Fast discovery of huge lists of character sequences, e.g. text sequence identification in documents using Go.
Fast, multi-lingual character sequence detection in plain text. This enables you to specify many known entities, such as lists of names, places, things, etc, and quickly detect them in sequences of text or documents. It is case insensitive, but retains the case of the detected text, so it can be further evaluated once detected.
Currently this is used to look for names, skills, etc. A database of ~500,000 entities can routinely be detected from ~2000 chars (~1 page) of text in ~15msec (single threaded). This is closer to 1msec for 20,000 entities, so depending on your application, this is quite fast and scales well with larger entity sets.
Entities can be added programatically or by CSV.
Currently it does not look at language structure. It is purely looking for known sequences.
It does not currently handle streams of text.
To start using fastentity, install Go and run go get
:
$ go get github.com/sajari/fastentity
package main
import (
"fmt"
"github.com/sajari/fastentity"
)
func main() {
str := []rune("日 本語. Jack was a Golang developer from sydney. San Francisco, USA... Or so they say.")
// Create a store
store := fastentity.New("locations", "jobTitles")
// Add single entities
store.Add("locations", []rune("San Francisco, USA"))
store.Add("jobTitles", []rune("golang developer"))
// Add multiple (note: You don't need to initialise each group, they will be auto created if they don't exist)
store.Add("skills", []rune("本語"), []rune("golang"))

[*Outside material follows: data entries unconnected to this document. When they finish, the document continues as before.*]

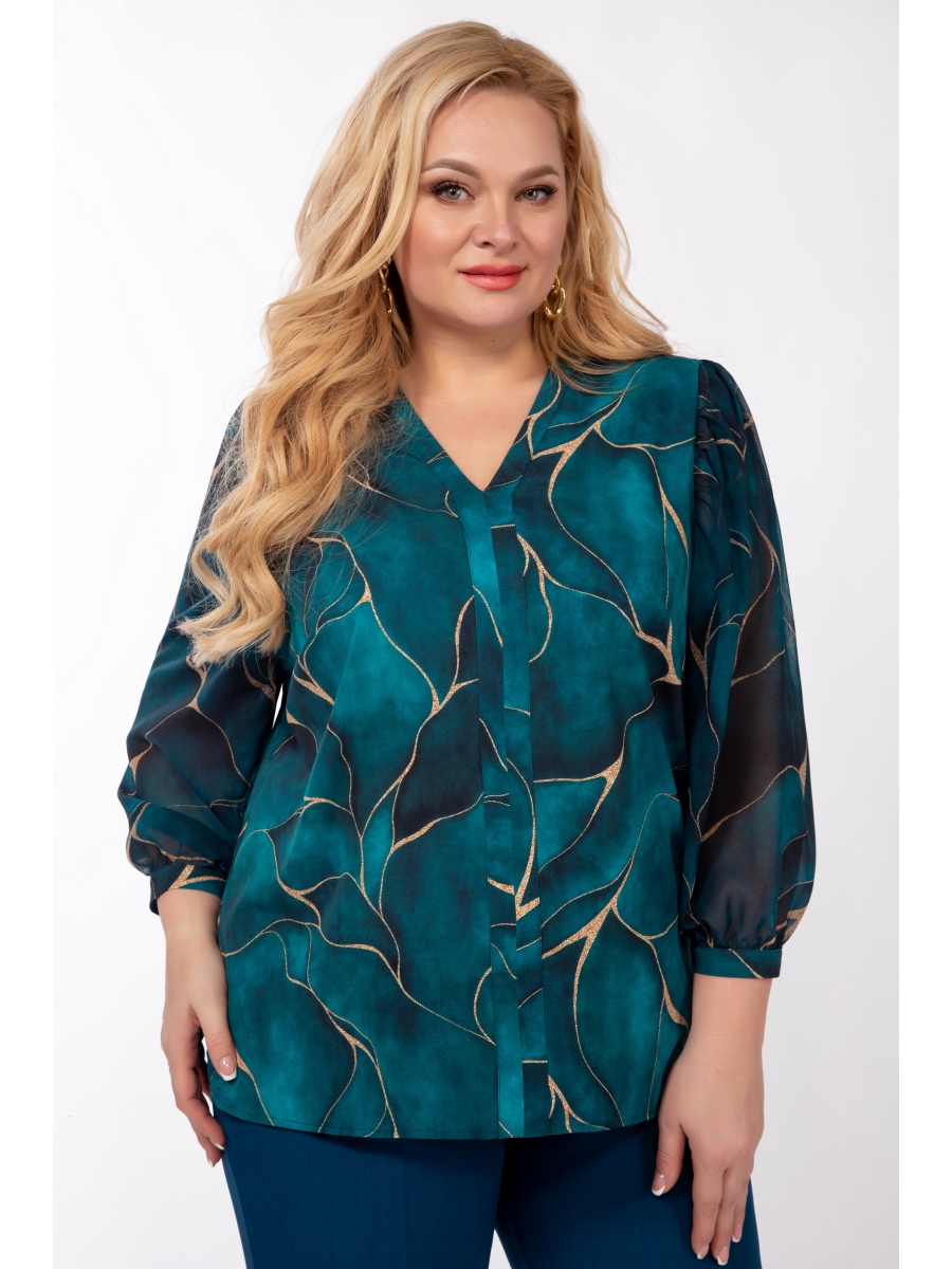 Универсальная базовая блузка прямого силуэта из легкой принтованной
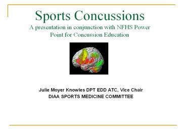 Title: Sports Concussions A presentation in conjunction with NFHS Power Point for Concussion Education
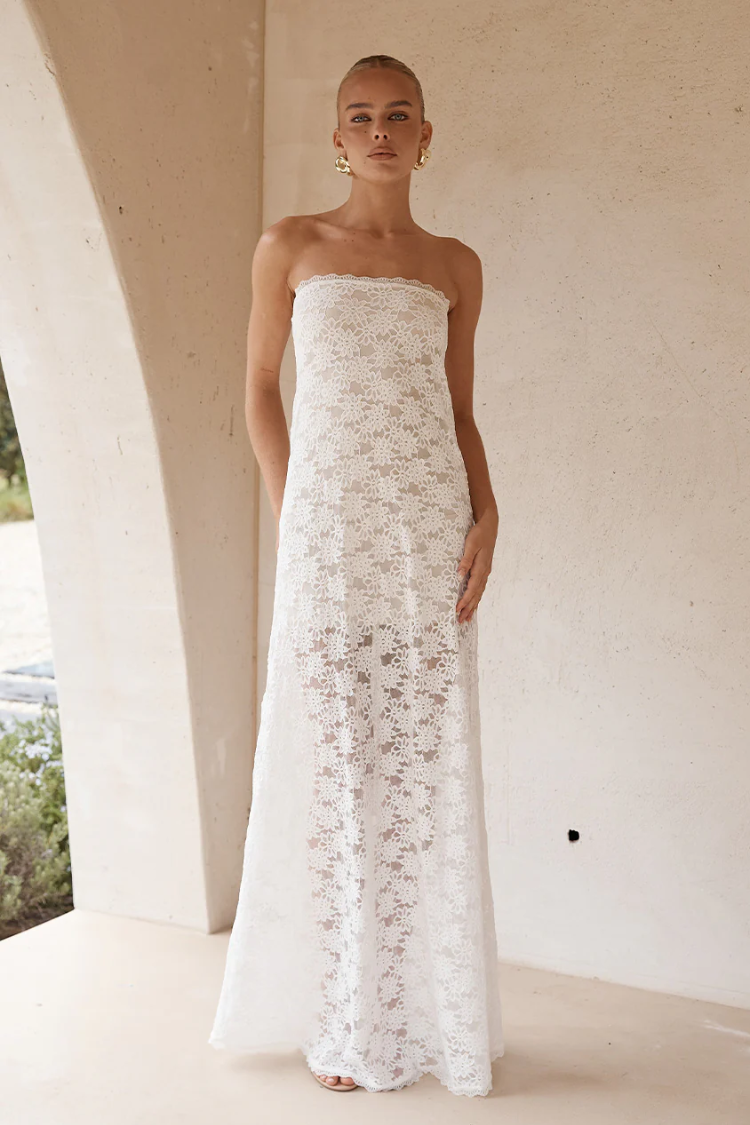 The Kinera Dress is a favorite spring bridal shower dress for our brides-to-be with its illusion-length maxi dress in on-trend white lace.
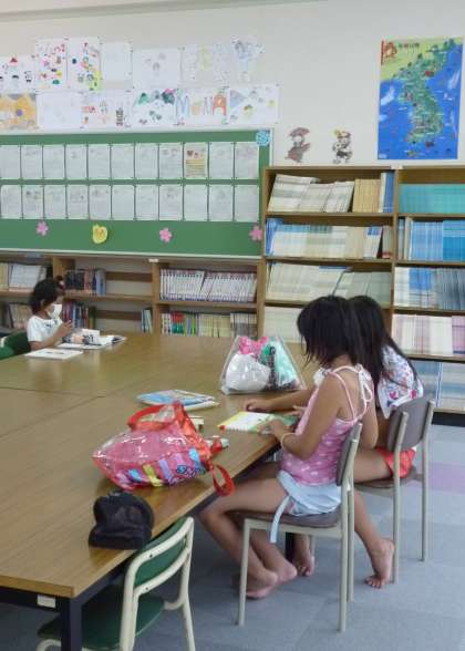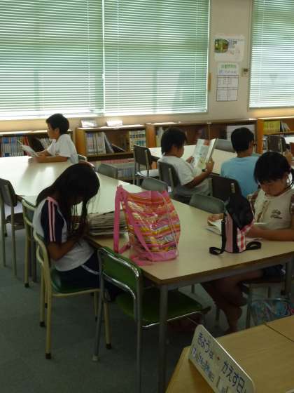 今日は、図書ボランティア「かたつむりクラブ」による図書館開放。熱い日差しの中プール開放に参加していた子が、その火照った身体をエアコンの冷風で冷やしながら、静かに読書していました。
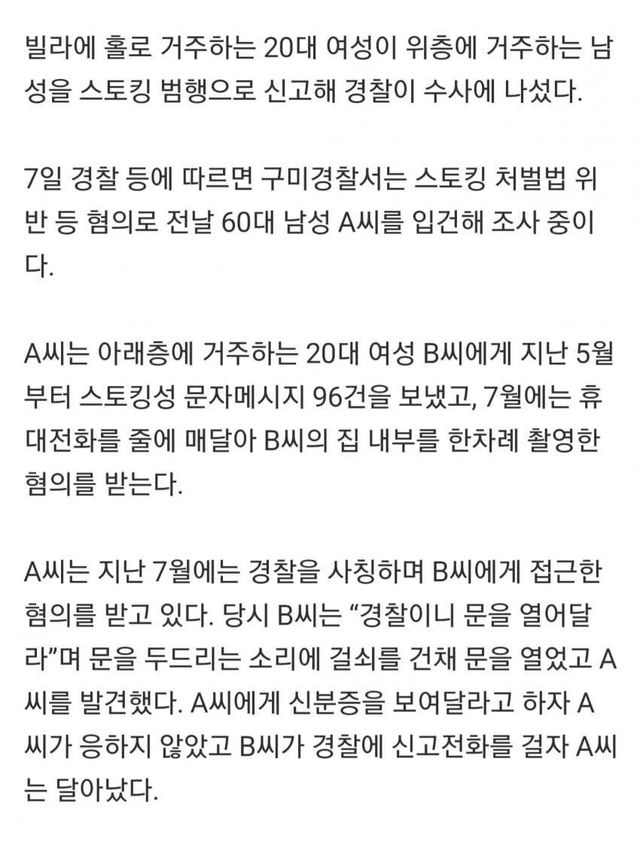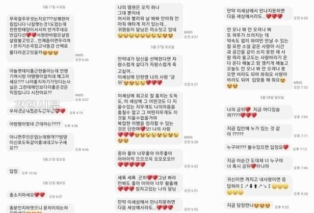 60대 할배 스토커가 20대 여성에게 보낸 문자
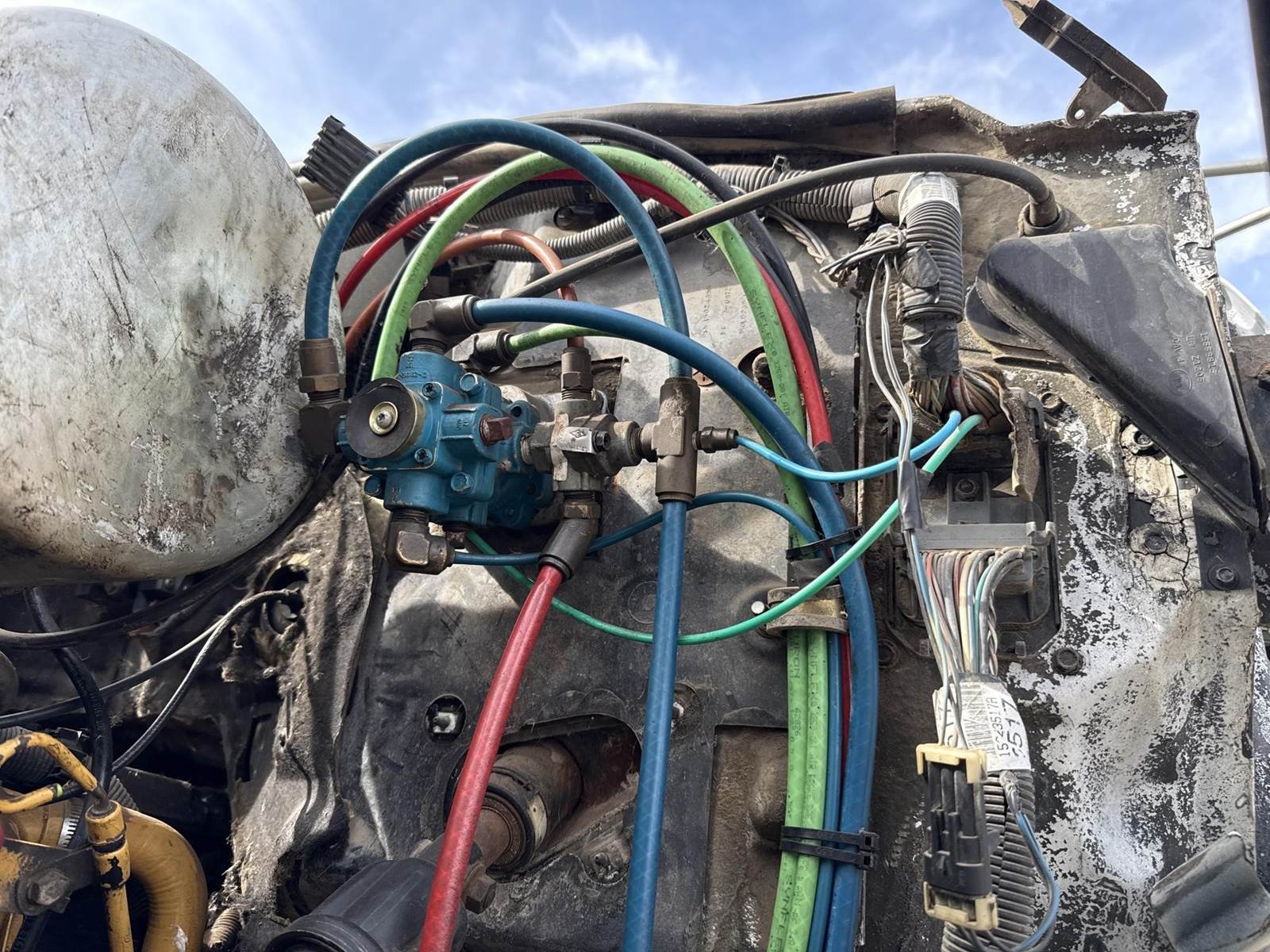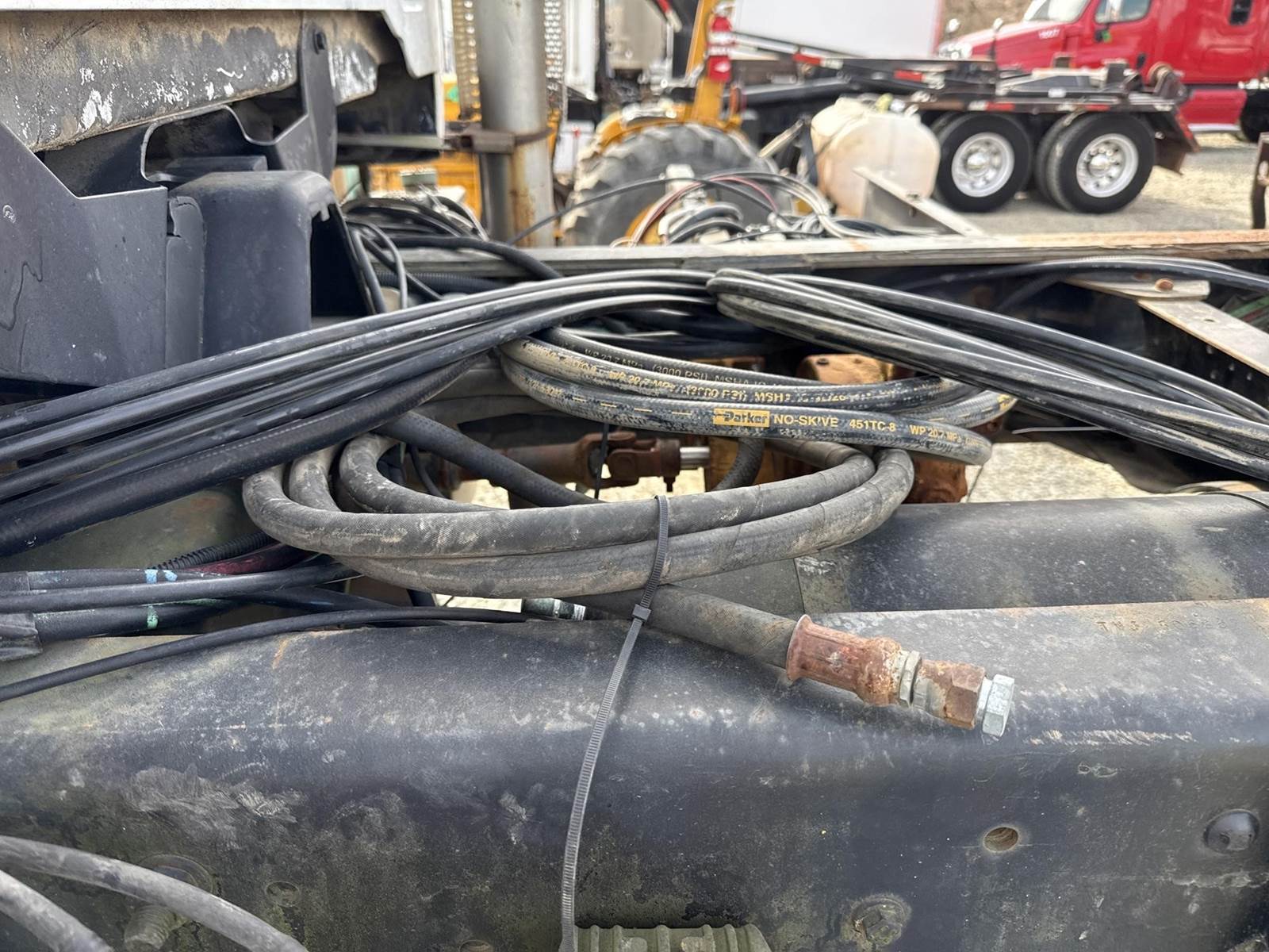 Caterpillar 3116 Turbo Diesel Engine, Allison Automatic Transmission, 35000LB GVWR, 12000LB Front Axle GAWR, PTO, Approx. 15' Frame Length from Back of Cab, Spring Ride Suspension, Air Brakes, Double Frame, Rear Air/Hydraulic/Electrical Lines, Raven Spray Control Console, Heat/AC, Radio, 385/85R34 Tires
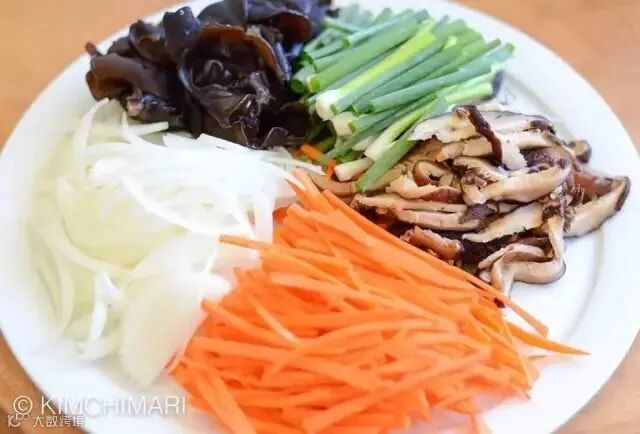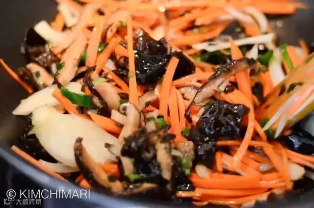 材料:粉丝、洋葱、干木耳、植物油、胡萝卜、蘑菇、酱油、米酒、大蒜、糖、芝麻油、胡椒粉
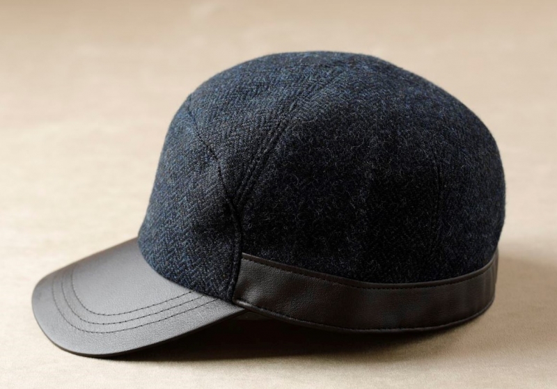 レザー使い ヘリンボーン柄ウールキャップ
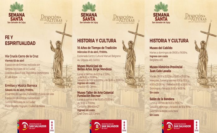La Municipalidad de San Salvador de Jujuy invita a vecinos y visitantes a disfrutar de una amplia agenda de actividades en el marco de Semana Santa, con propuestas destinadas a toda la familia. La programación incluye circuitos de guiados turísticos por distintos puntos emblemáticos de la ciudad, la tradicional exposición de ermitas, además de opciones gastronómicas, culturales y recreativas en diversos escenarios.
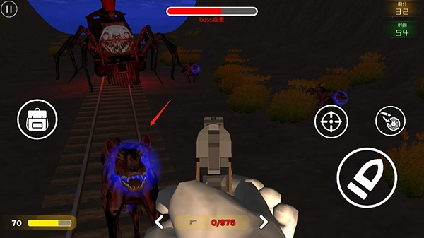 5、把武器对准怪物火车进行射击,击中后Boss的血量便会下降;
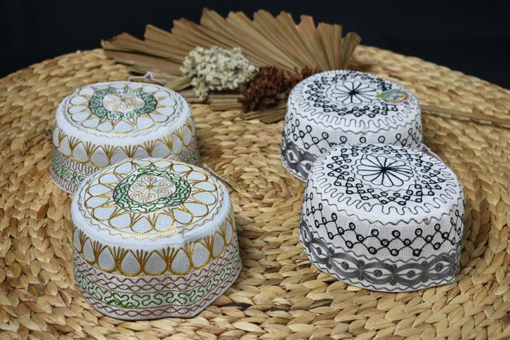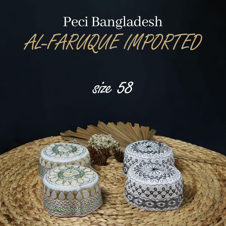 Kopiah peci Bangladesh putih bordir harga terjangkau kualitas bagus aneka warna dan motif ukuran 58
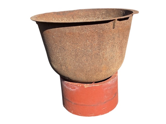 A cast iron urn or boiling/cooking pot with flat rim, supported on an associated terracotta pipe stand. (17.5in x 15.75in) (A/F)
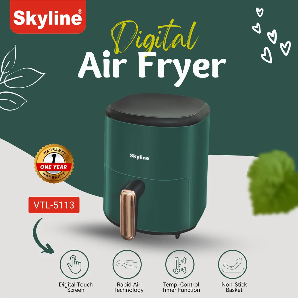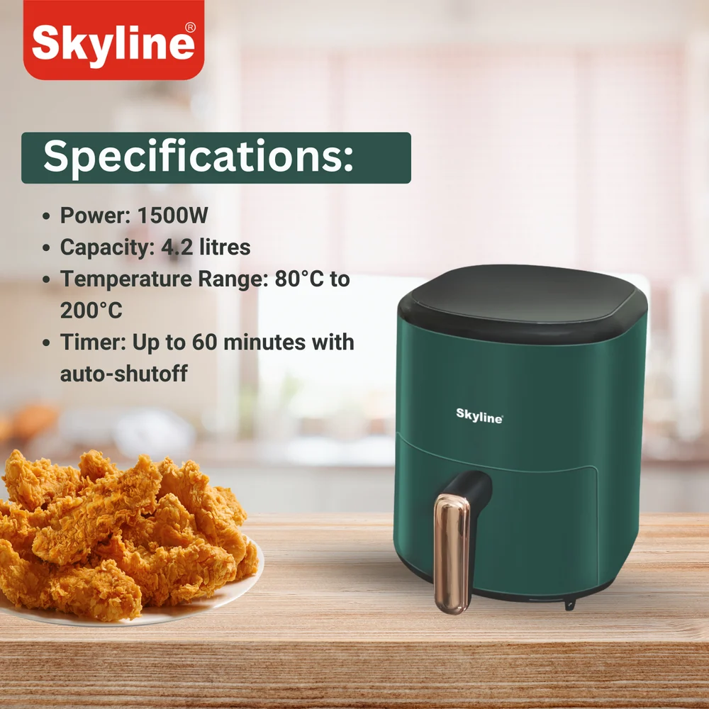 Revolutionize your kitchen with the Skyline Digital Air Fryer. With 1500 watts of power and a spacious 4.2-litre capacity, this air fryer allows you to cook your favorite meals using little to no oil. Its digital interface offers precise control, making healthy cooking easier and more convenient than ever.
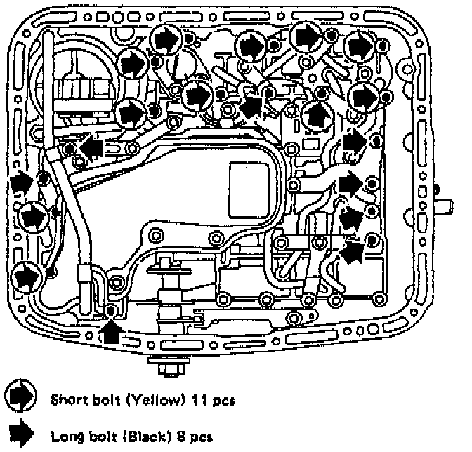 6. Remove control valve body. Remove 8 long bolts (Black) and 11 short bolts (Yellow). Be careful because oil flows from valve body.

results := store.FindAll(str)
for group, entities := range results {
fmt.Printf("Group: %s \n", group)
for _, entity := range entities {
fmt.Printf("\t-> %s\n", string(entity))
}
}
/* Prints
Group: locations
-> San Francisco, USA
Group: jobTitles
-> golang developer
Group: skills
-> 本語
*/
}
- Look at surrounding structure as part of identification
- Allow functions to be passed with each group detection, e.g. boolean check if first letter is a capital, etc
- Apply to streams of text
- Concurrency
You can save and load entity groups in CSV files. Each group is saved to it's own file. To load an entity set, point the store to the directory containing the entity files.
if store, err = fastentity.FromDir("path_to_load_csv_files"); err != nil {
fmt.Printf("Failed to load store: %v", err)
}
Same to save them
err:= store.Save("path_to_save_csv_files")